On the other hand, assume that these 500,000 records were stored on a database server such as Microsoft SQL Server. If user runs the same query, only the names of the Californians who make more than $75,000 per year would be sent over the network. In this scenario, only the specific fields requested would be retrieved. (See Figure 20.6.)
What does this mean to you? When should you become concerned with client/server technology and what it can offer you? The following sections present some guidelines as to why you might want to upsize from an Access back end to a SQL Server back end.

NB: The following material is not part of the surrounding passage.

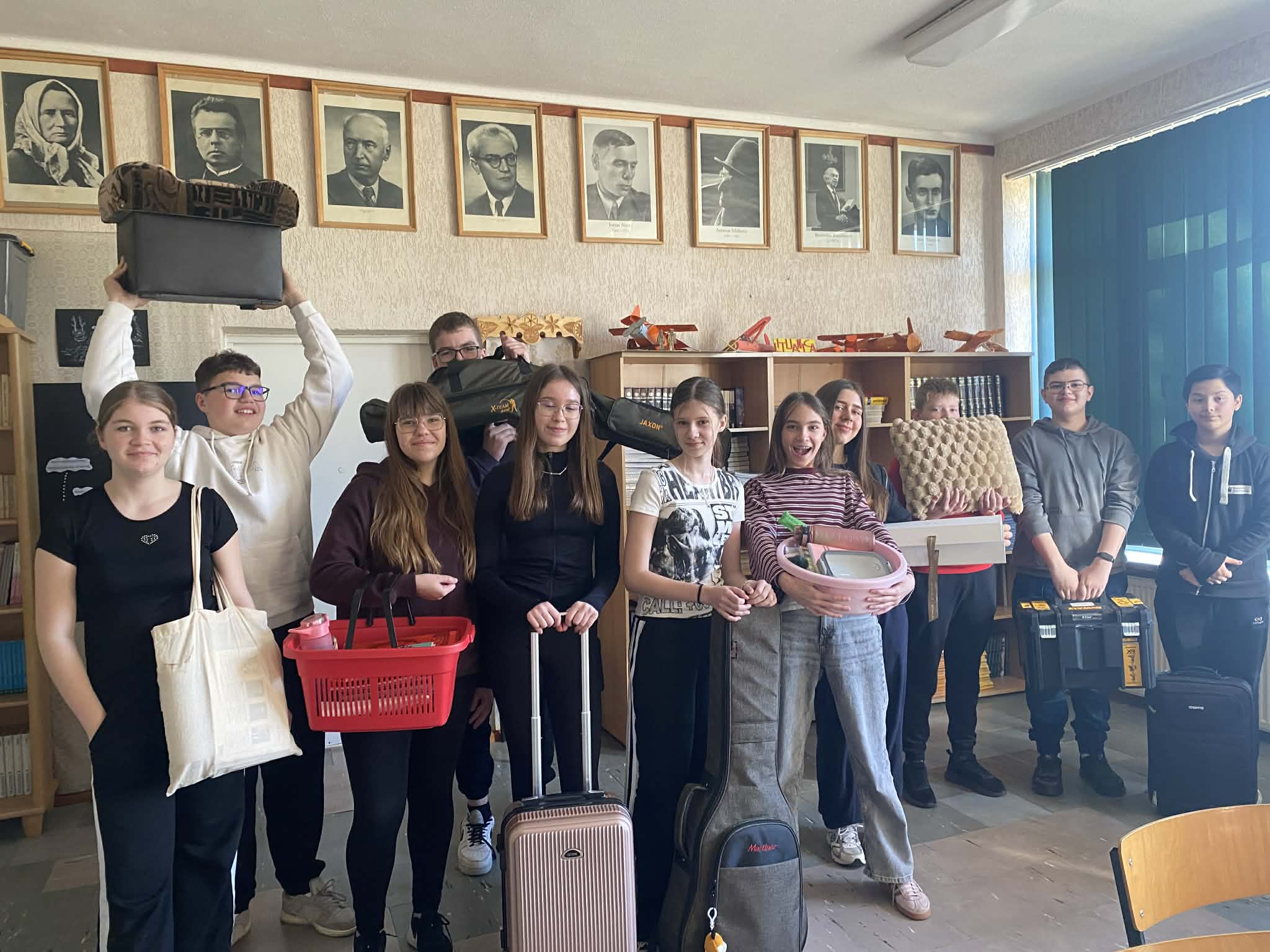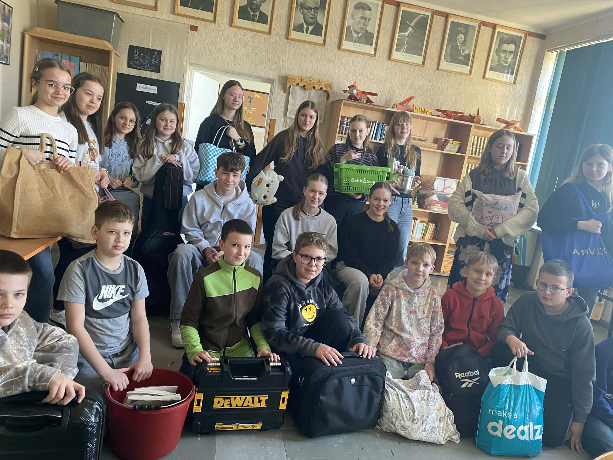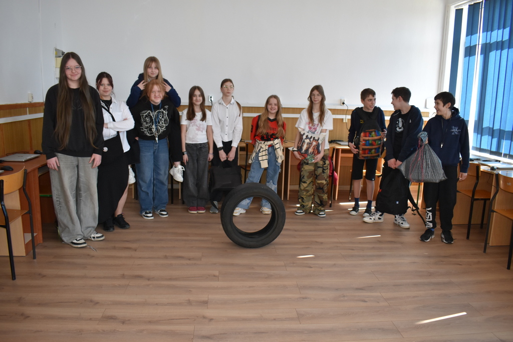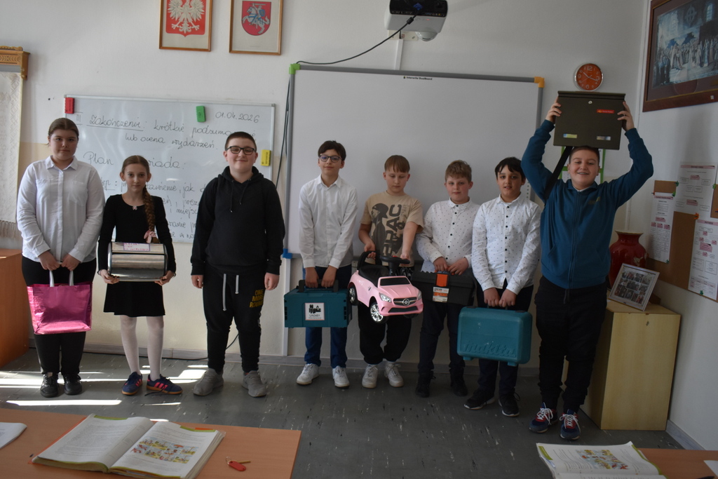 Tego dnia uczniowie naszej szkoły przyszli na lekcje bez plecaków – książki i zeszyty przynieśli w najbardziej nieoczekiwanych „opakowaniach”. Można było zobaczyć opony, skrzynki na śmieci i narzędzia, suszarki na ubrania, wiadra, taczki budowlane, poduszki oraz torby na zakupy.

As the volume of data in your Access database increases, you probably will notice a degradation in performance. Many people say that 100MB is the magical number for the maximum size of an Access database, but many back-end database servers can handle databases containing multiple gigabytes of data. Although a maximum size of 100MB for an Access database is a good general guideline, it is not a hard-and-fast rule. You might find that the need to upsize occurs when your database is significantly larger or smaller than 100MB. The magic number for you depends on all the factors discussed in the following sections, as well as on how many tables are included in the database. Generally, Access performs better with large volumes of data stored in a single table rather than in multiple tables.
Just as a large volume of data can be a problem, so can a large number of concurrent users. In fact, more than 10 users concurrently accessing an Access database can degrade performance. As with the amount of data, this is not a magical number. I have seen applications with fewer than 10 users where performance is awful, and I have seen applications with significantly more than 10 users where performance is acceptable. It often depends on how the application is designed, as well as what tasks the users are performing.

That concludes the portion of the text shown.